Create a table in DynamoDB
Let’s get started. Fireup the DynamoDB service from the AWS console and click Create table — can it get any simpler?
Make sure you are in the same region as your s3 bucket and lambda function. On the next screen, decide a name for your table and give it a partition key. Think of the partition key as the primary key of the table. You will have to ensure the json data load has uniquely identifying field. If a single column is not enough then you can add sort key such that the combination of partition and sort keys is unique. That’s all the preparation needed in DynamoDB to start loading data.
Getting the Twitter data
My source for this data set was this page that explains the use of twitter data api. https://nocodewebscraping.com/twitter-json-examples/
I had to massage the file a little to ensure that it is a standard json format. I have made it available here on github.
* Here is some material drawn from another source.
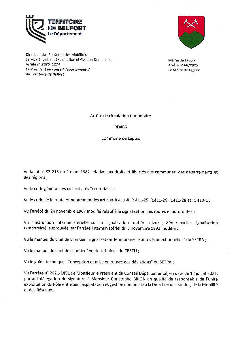 Cet événement entrainera la fermeture de la RD465, le dimanche 10 août 2024 à partir de 6h00 jusqu'à réouverture de la route programmée vers 20h00, des réglementations du stationnement (RD465 et voies communales) et des réglementations de circulation (sens unique sur des voies communales), en et hors agglomération de Lepuix.

Below is a subset of elements from the dataset; the one’s that I will pull for this exercice are id,created_at, retweet_count, and text:
{
“contributors”: null,
“coordinates”: null,
“created_at”: “Tue Aug 23 13:53:11 +0000 2016”,
“entities”: {
“hashtags”: [],
“symbols”: [],
“urls”: [],
“user_mentions”: []
},
“favorite_count”: 6682,
“favorited”: false,
“geo”: null,
“id”: 768083669550366720,
“id_str”: “768083669550366720”,
“in_reply_to_screen_name”: null,
“in_reply_to_status_id”: null,
“in_reply_to_status_id_str”: null,
“in_reply_to_user_id”: null,
“in_reply_to_user_id_str”: null,
“is_quote_status”: false,
“lang”: “en”,
“place”: null,
“retweet_count”: 2301,
“retweeted”: false,
“source”: “<a href=\”http://twitter.com/download/android\” rel=\”nofollow\”>Twitter for Android</a>”,
“text”: "It is being reported by virtually everyone, and is a fact, that the media pile on against me is the worst in American political history!”,
“truncated”: false,….
Extending the lambda function
This is how the lambda function looked at the end of part 1, and we will now add a few things to it.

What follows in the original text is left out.